Les réserves prouvées de pétrole en Arabie saoudite sont les premières plus grandes revendiquées dans le monde. Elles sont estimées à 267 milliards de barils (42 × 10^9 m3) (Gbbl ci-après) dont 2,5 Gbbl dans la zone neutre située entre l'Arabie et le Koweït. Ces réserves étaient les plus importantes dans le monde jusqu'à ce que le Venezuela ait annoncé qu'il augmentait ses réserves prouvées à 297 Gbbl en janvier 2011[1]. Les réserves saoudiennes représentent environ un cinquième du total des réserves mondiales de pétrole conventionnel, une part importante de ces réserves provient d'un petit nombre de champs de pétrole très grands.

Principaux gisements[modifier | modifier le code]

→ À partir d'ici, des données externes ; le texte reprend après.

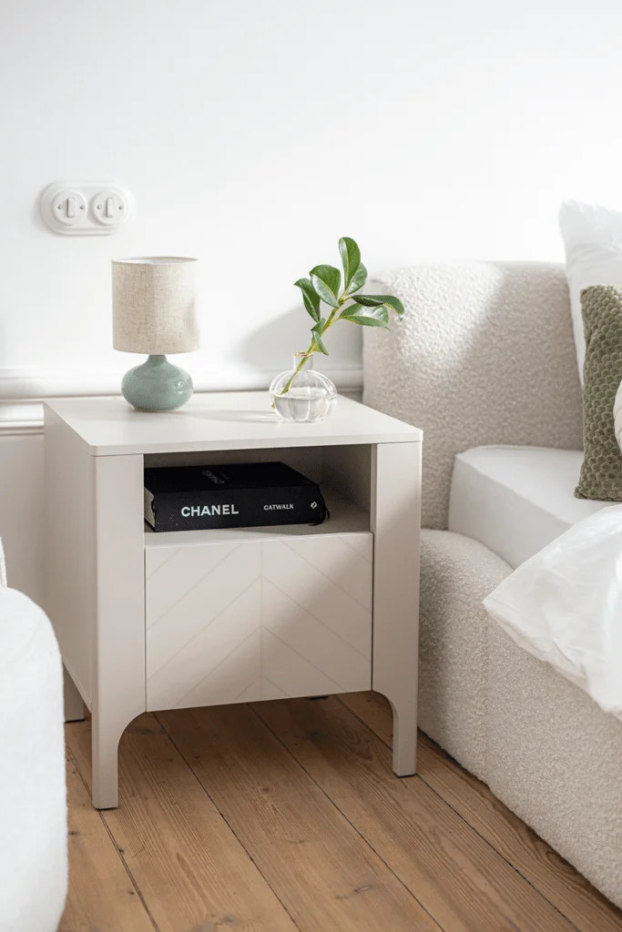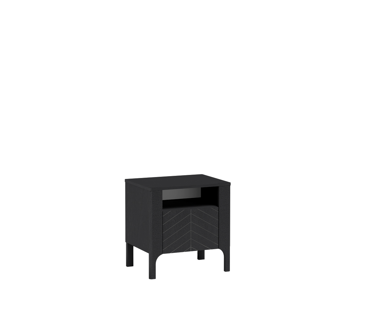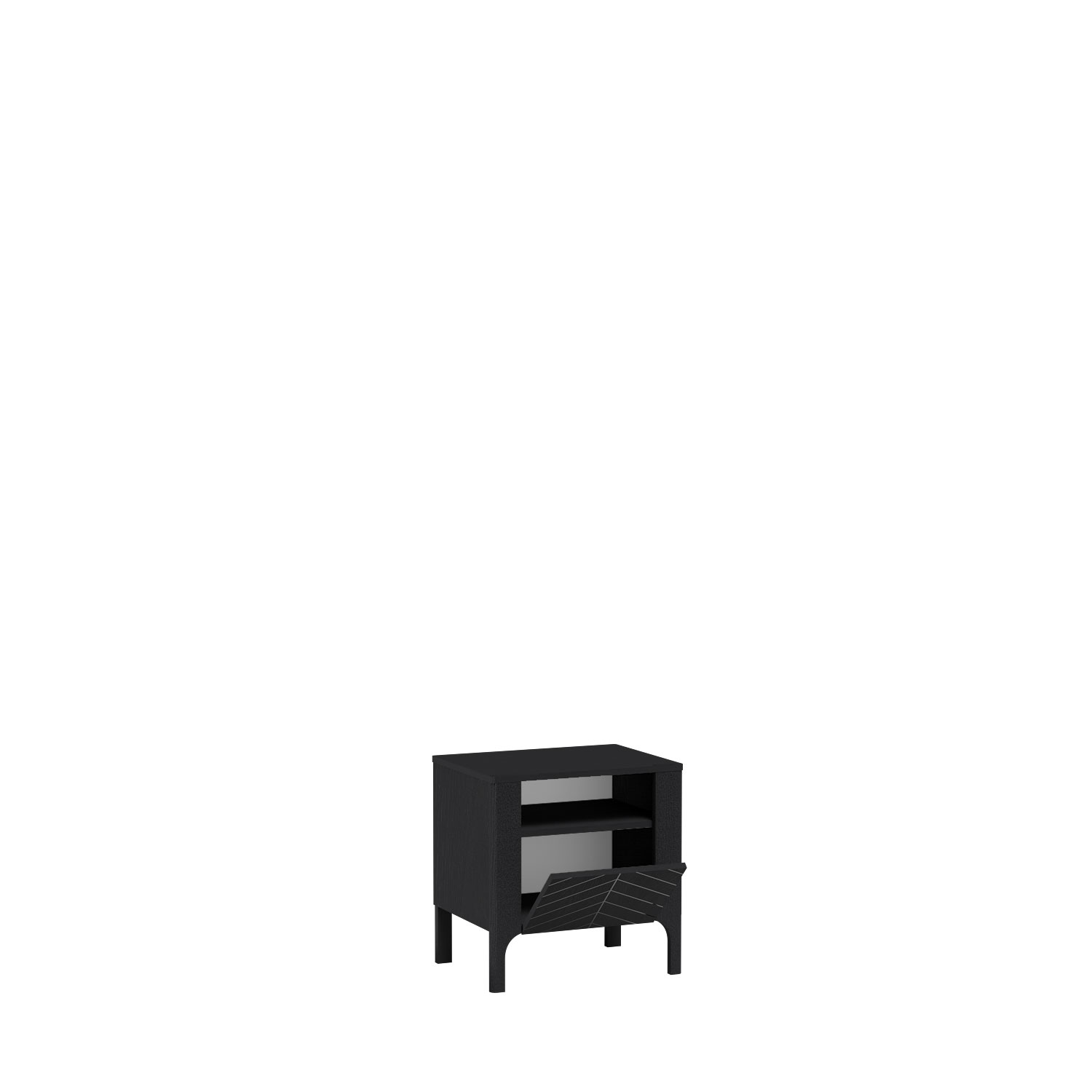 Noční stolek MALMI kombinuje moderní design s praktickým využitím. Stylové čelo se vzorem rybí kosti přitahuje pohled, zatímco prostorná polička a otevřený výklenek nabízejí praktické místo pro vše, co potřebujete mít po ruce. Pevná konstrukce a matná povrchová úprava zajistí, že stolek skvěle doplní každý interiér a stane se nejen funkční, ale i designovou ikonou vaší ložnice.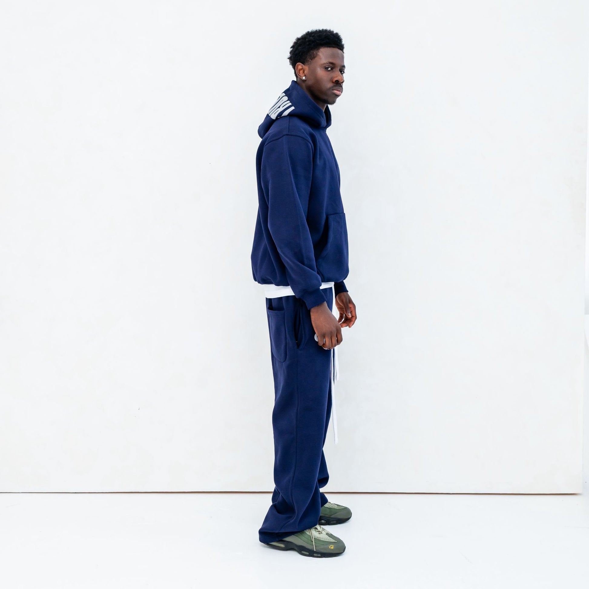 Our high quality tracksuit colorway, which represents both timelessness and adaptability, has evolved as an essential wardrobe staple. This piece exemplifies enduring quality and exquisite craftsmanship with its unusual form, which has stacking arm length and a drop shoulder design.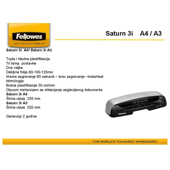 Plastifikator A3 (2valjka) Saturn 3i Fellowes 5736001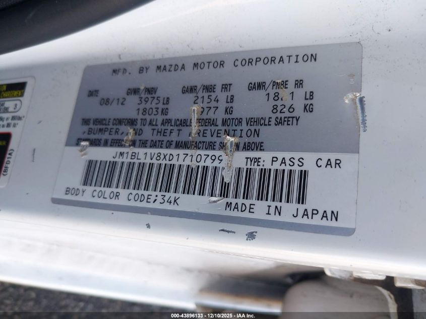 Цвет БелыйЦилиндры 4Привод Передний приводVIN JM1BL1V8XD1710799Состояние Заводится и едет (проверено)Повреждения Передняя или задняя AutoRIA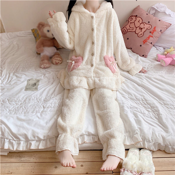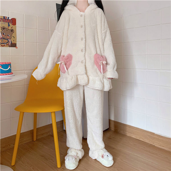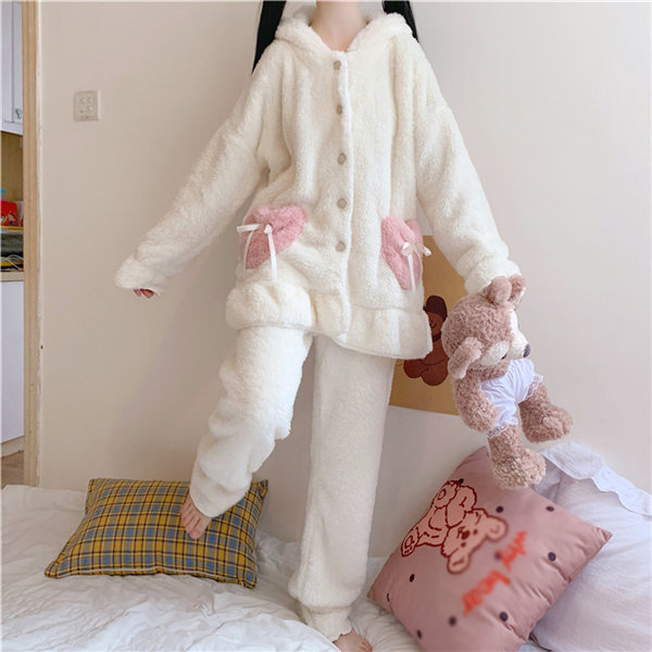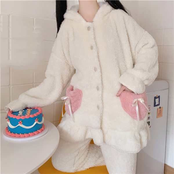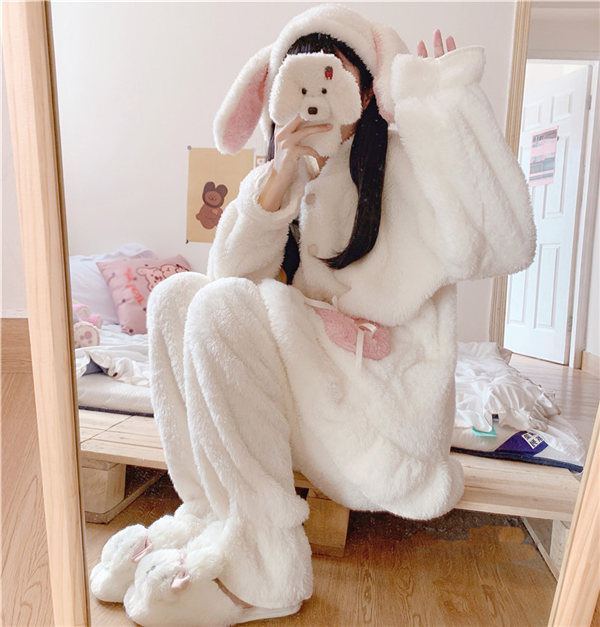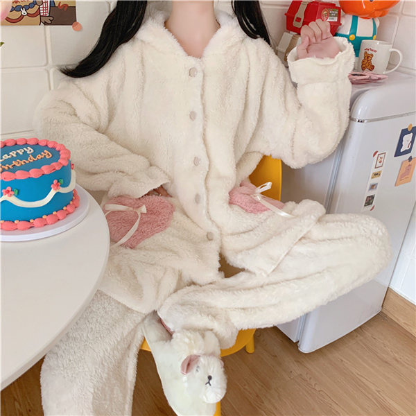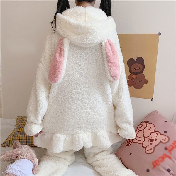 パジャマ レディース 冬 かわいい 長袖 ルームウェア もこもこ 寝巻き 女性用 ふわふわ ふわもこ 前開き 裏起毛 可愛い 韓国 上下セット モコモコ 部屋着 プレゼント 暖かい ロングパンツ 結婚祝い あったか 帽子付き うさぎ耳付き ホワイト5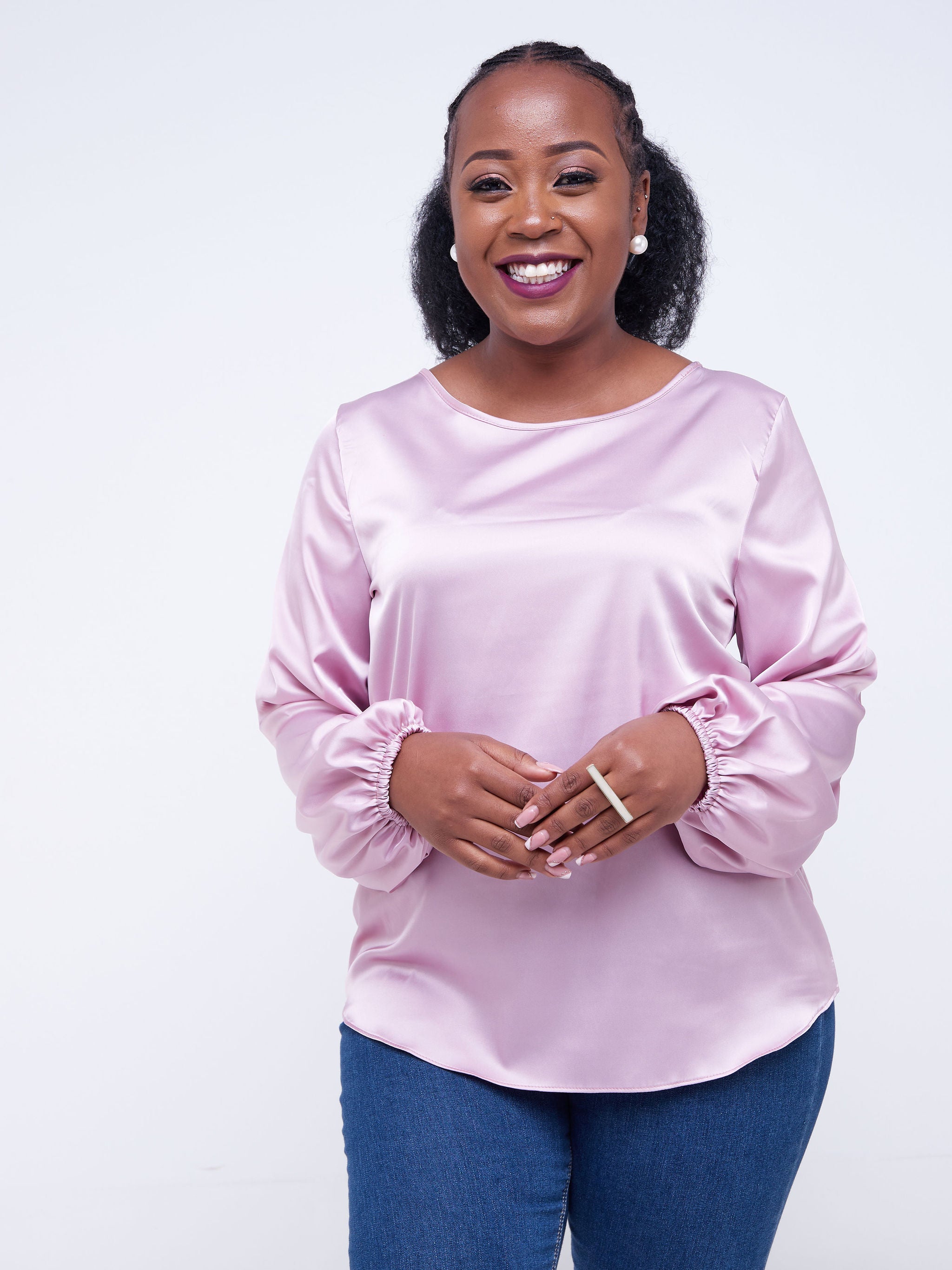 Vivo Basic Satin Bishop Sleeved Top - Purple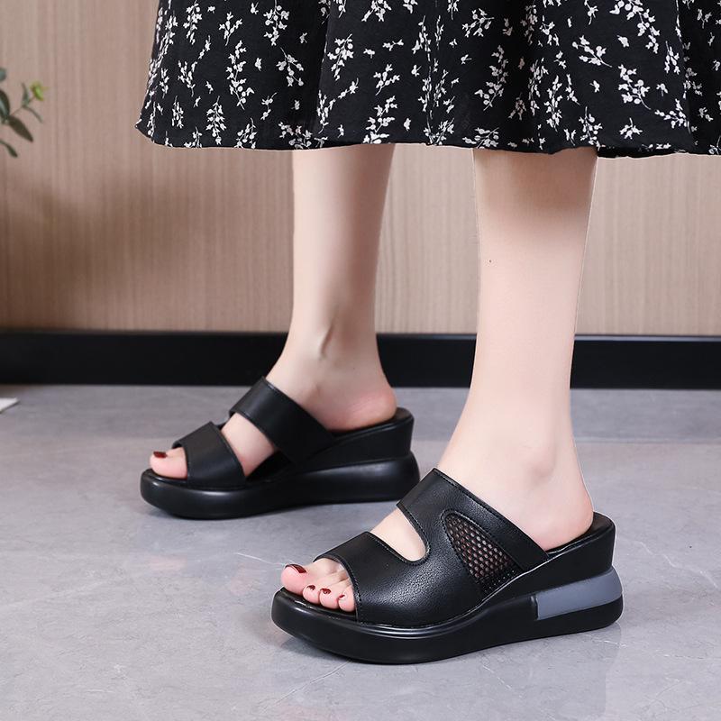 Шлепанцы на танкетке женские 2025 лето новые высокий каблук толстая подошва шлепанцы на одном ремешке для улицы с открытым носком женские крутые шлепанцы женские 35 чёрный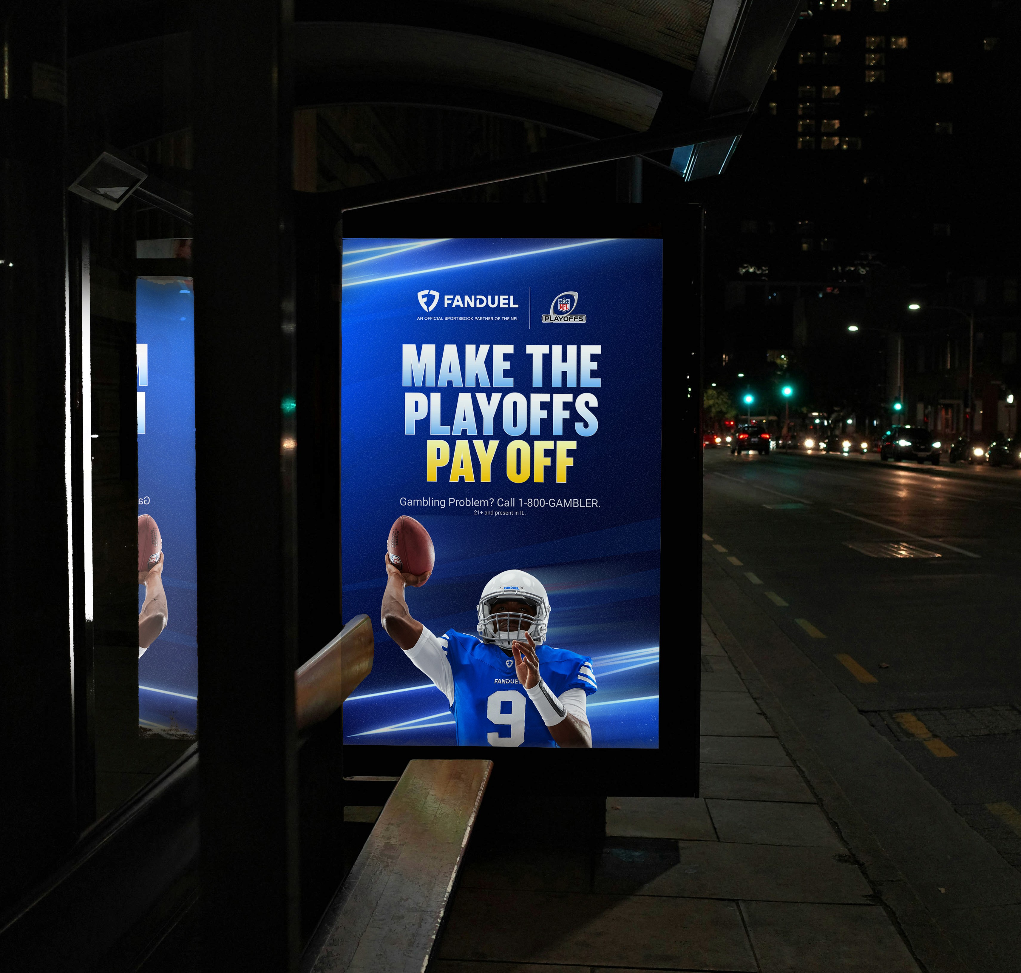 Creative produced for FanDuel’s 2024 NFL out-of-home campaign. Spanning billboards, bus shelters, and full bus wraps, the work was designed to take over key cities across the nation during the most pivotal moments of the football season.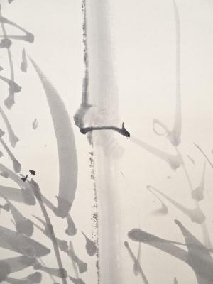 洪小南筆 墨竹図 肉筆紙本掛軸(保護箱)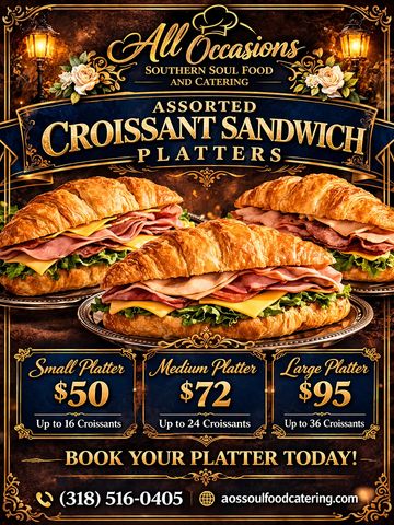 Our Croissant Sandwich Platter is a crowd-pleasing favorite, perfect for any gathering. Flaky, buttery croissants are generously filled with fresh deli meats, crisp lettuce, and sliced cheese to create a delicious variety of sandwiches. Individually wrapped condiments are included for added convenience, letting your guests customize to their taste. Beautifully arranged and ready to serve, this platter is ideal for office lunches, parties, or family celebrations.
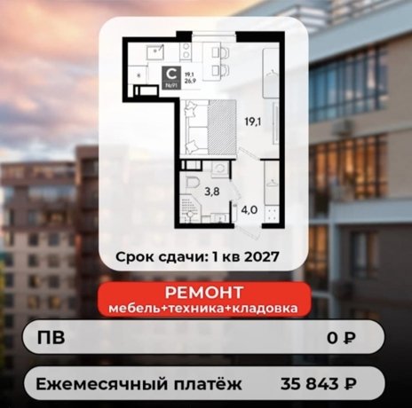 Варианты с первоначальным взносом 0 рублей, готовым ремонтом и низким платежом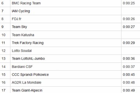 De această dată echipa australiană a acoperit cei 17,6 kilometri extrem de spectaculoși din punct de vedere al peisajelor, de pe coasta Ligurică a Italiei, în 19 minute și 26 de secunde, cu 7 secunde mai bine decât Tinkoff Saxo. Podiumul a fost ocupat, surprinzător pentru mulți, de Astana.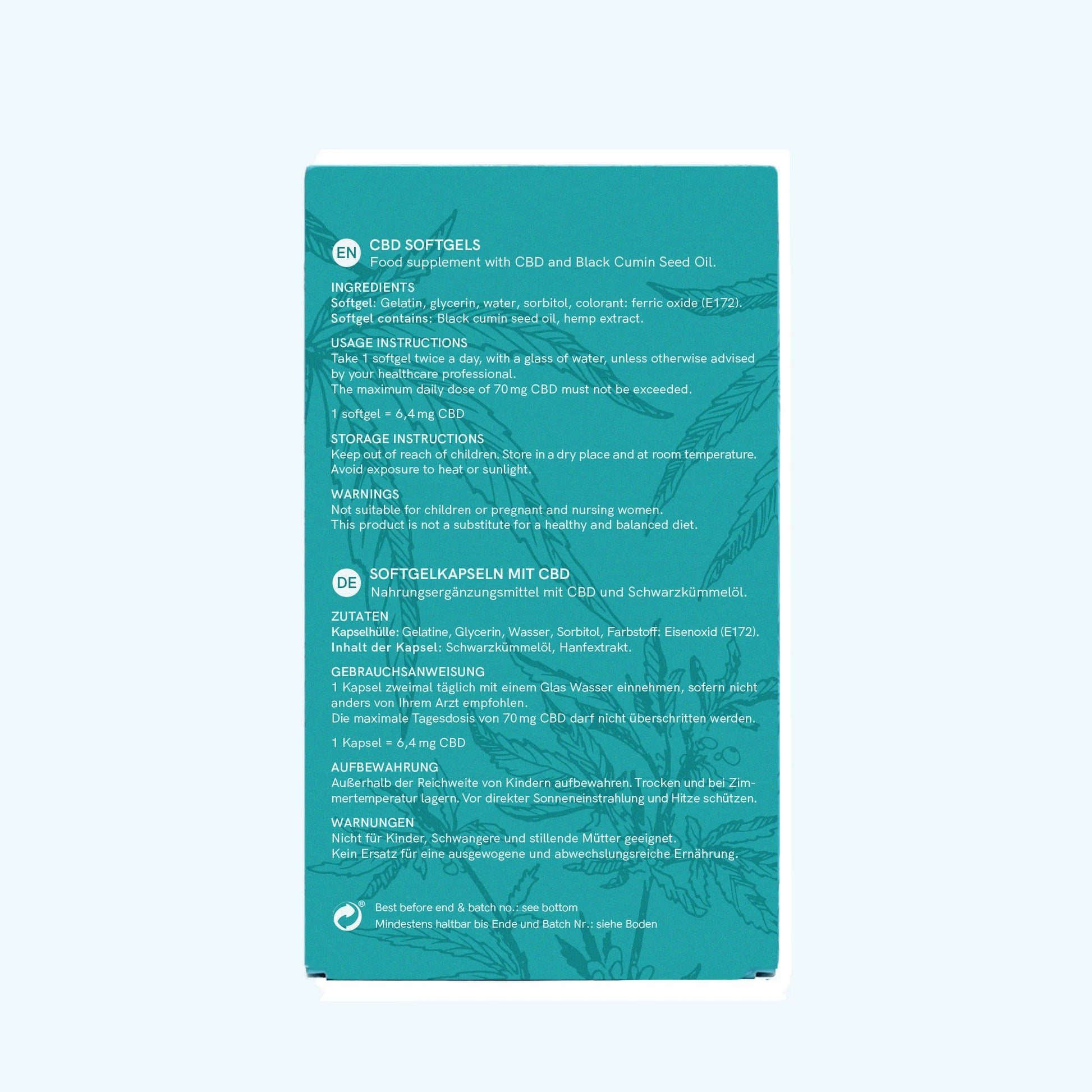 Inhalt der Kapsel: Schwarzkümmelöl, Hanfextrakt.

Bien que l'Arabie saoudite ait environ une centaine de champs de pétrole et de gaz, plus de la moitié de ses réserves de pétrole sont contenues dans seulement huit champs géants, notamment dans le champ de Ghawar, le plus grand champ de pétrole au monde avec environ 70 Gbbl de réserve restante. 90 % de la production pétrolière de l'Arabie saoudite vient de cinq champs et jusqu'à 60 % de sa production provient du champ de Ghawar[2] .

Production[modifier | modifier le code]

L'Arabie saoudite a produit 10,3 millions de barils par jour (1,6 × 10^6 m3/j) (Mbbl/j) en 1980, 10,6 Mbbl/j en 2006[3], et dans la région de 9,2 Mb/j en 2008[4]. L'Arabie saoudite détient la plus grande capacité mondiale de production de pétrole brut, estimé à environ 11 Mbbl/j en milieu d'année 2008 et a annoncé son intention d'augmenter cette capacité à 12,5 Mbbl/j en 2009[5] mais en 2009 sa production a été de 9,76 Mbbl/j[6]. Sa production cumulée a atteint, fin 2009, 119,4 milliards de barils[7]. En utilisant le nombre déclaré de 296 Gbbl, le pétrole déjà extrait représente 40 % des réserves déclarées.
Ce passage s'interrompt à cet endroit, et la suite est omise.